Dear NCAA: Please Stop Helping AOL & Turner Scam Students

Posted on by Jon Kelly (Jon)
URL for sharing: http://thisorth.at/1f05
47146

It seems that greed at the NCAA knows absolutely no boundaries. In April 2010, the NCAA signed an $11 billion agreement to televise the NCAA men's basketball tournament on CBS and Turner Sports. You would think that would be enough cash to support an organization whose stars are all unpaid amateurs. You'd also think that would be enough cash to not put scammy ads on the home page of NCAA.com right before the tournament begins. If so, you'd be completely wrong.

An email today from CBSSports.com titled "Notification about your NCAA.com account and NCAA.com Privacy Policy" prompted me to pay a visit to NCAA.com to see what had changed, beyond the fact that "in accordance with Section 4 of the CBSi privacy policy" my "personal information," including my "name, e-mail, physical address, etc." had been transferred from CBSi to Turner. Thanks, CBS!

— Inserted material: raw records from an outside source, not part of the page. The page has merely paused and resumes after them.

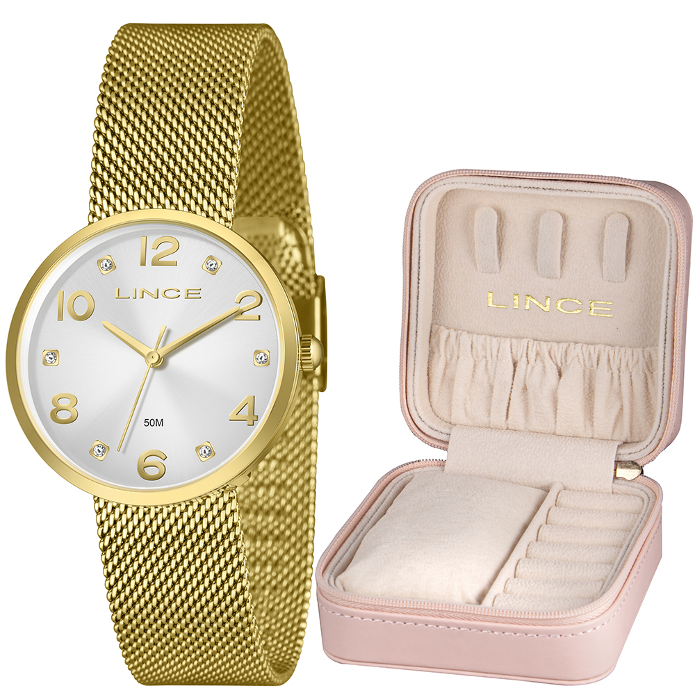 Características: com caixa EM AÇO+IPG e pulseira tipo mesh em aço+ipg
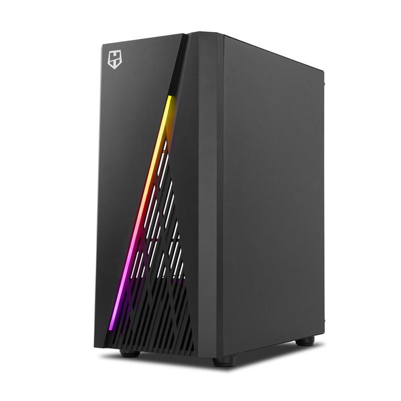 Semitorre con diseño gaming Nox Hummer Frost con tira frontal LED ARGB Rainbow, ventana lateral de cristal templado, capacidad hasta 6 ventiladores de 120 mm, principales puertos a mano y compatible con gráficas de gran tamaño.
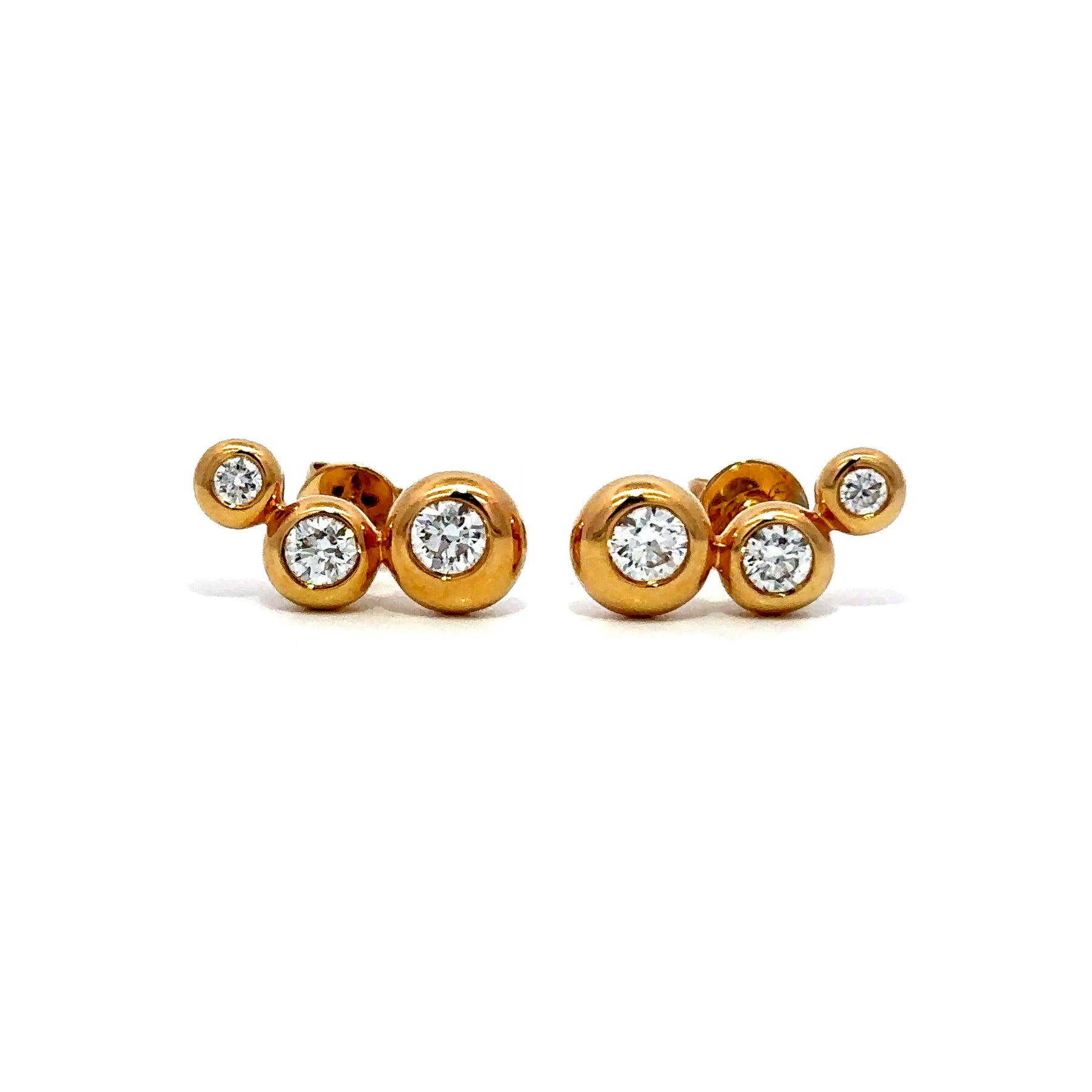 18k Yellow Gold Three Stone Bezel Set climber earrings set with:

What I found on NCAA.com's homepage was the set of ads shown below, served up by AOL's Advertising.com. I immediately recognized these scammy ads because I'm the former president of an advertising company that specifically banned that kind of ad from our network. I guess the NCAA, Turner, and AOL have no such qualms.

What makes those ads scammy? Note the display URL for each of the first three ads. The root domains are Channel11NewsReport.com, News9consumer.com and NewsToday9.com. Those appear to be local news sites.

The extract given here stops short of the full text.